ANZ New Zealand has begun to put in place plans to improve operational efficiency across the business and better leverage the Group’s super regional strategy. The changes, including a move to one IT platform and a new regional management structure, aim to significantly improve service levels and business outcomes over the medium term. Customer satisfaction in both the ANZ and The National Bank brands are trending upwards. It is expected that a one-off charge of approximately $120 million will be incurred in the first half 2011 to fund the integration of IT systems and related costs which will be excluded from Underlying Profit.

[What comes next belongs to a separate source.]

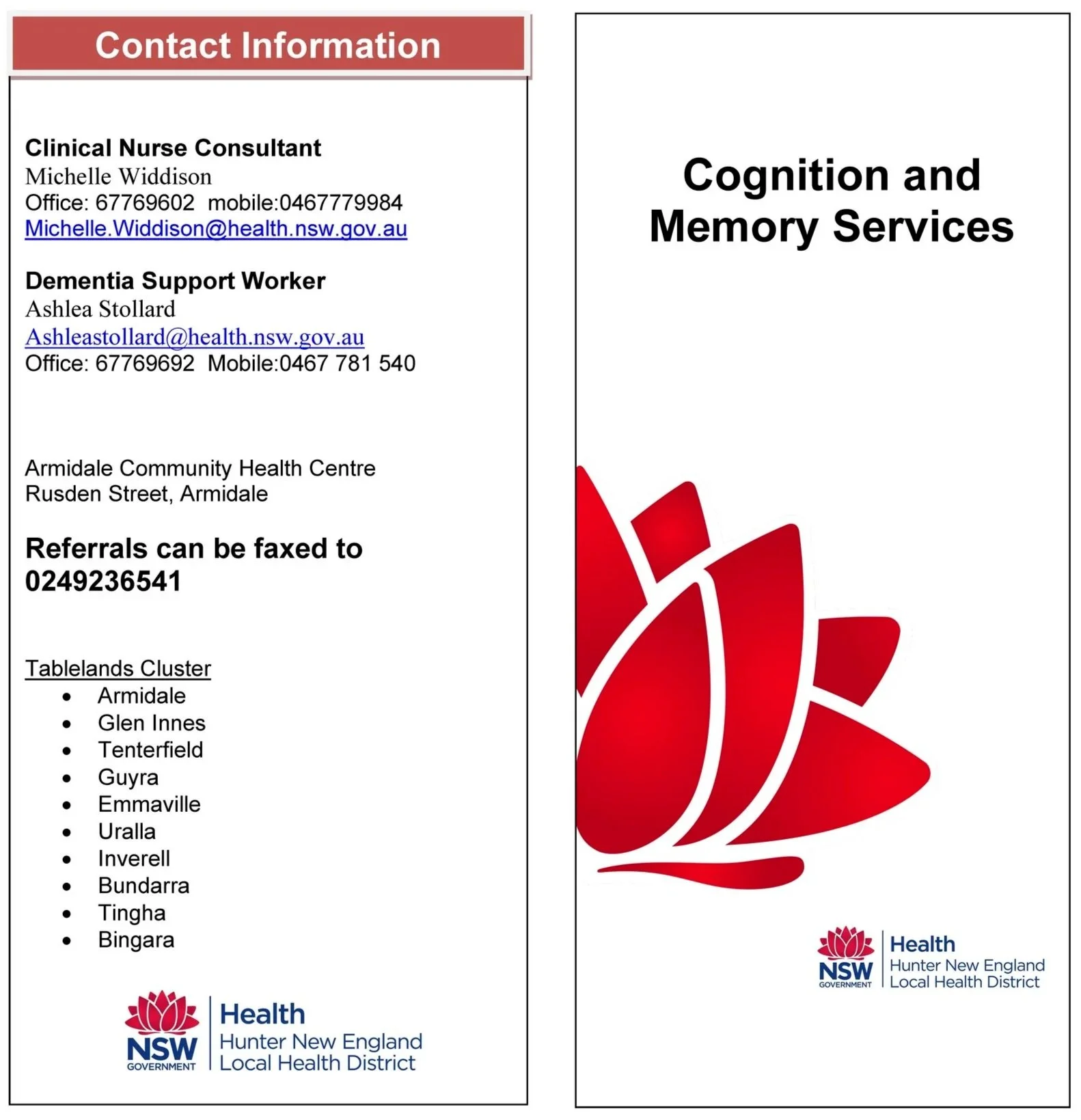 Armidale-based service for people across New England who are concerned they may have a problem with memory or other thinking skills - requires referral from your GP.

• In Institutional, lending increased around 6% (FX adjusted) with over half of the growth from Asia and the remainder largely in Australia. Deposits increased 3% (FX adjusted). Underlying margins were marginally lower excluding Global Markets. Global Markets revenue grew around 7% QOQ. The business is driving greater diversification across revenue streams; consequently, there was an uplift in the proportion of revenues from both the FX and Commodities businesses during the quarter. The Capital Markets business experienced increased deal flow particularly from Asia. 

 

Asset Quality

Total gross impaired assets declined by $209 million QOQ reflecting a decrease in new impaired loans and NPCCDs4 and the sale of $720 million of Centro debt. The inclusion of Oswal in restructured items led to an increase in new impaired assets; however ANZ continues to expect a full recovery in relation to this exposure. Provision coverage remains high with the total provision coverage ratio at 2.11% and the collective provision coverage ratio at 1.35%.5 An economic overlay of $35 million was added at the end of the first quarter covering the flooding in December.

 

The Group is still assessing the impact of the more recent severe weather events; however the total provision charge for FY11 is expected to still be broadly in line with the average of consensus estimates. 

 

Balance Sheet and APS 330 

The Tier One ratio at 31 December 2010 was 10.3%. ANZ also released its December quarter APS 330 disclosures today. Risk Weighted Assets (RWA) decreased 0.8% to $262 billion largely driven by a decrease in Market Risk RWA. Credit RWA were steady at $233 billion with portfolio growth in Institutional and Australian mortgages offset by exchange rate impacts, improvements in credit quality and asset reduction in AIRB corporate. ANZ remains well positioned from a funding perspective, loan growth has been fully funded from deposit growth and approximately half of the $25 billion FY2011 term funding requirement has already been completed. This positioning afforded ANZ the flexibility to buy back some government guaranteed debt maturing in 2011.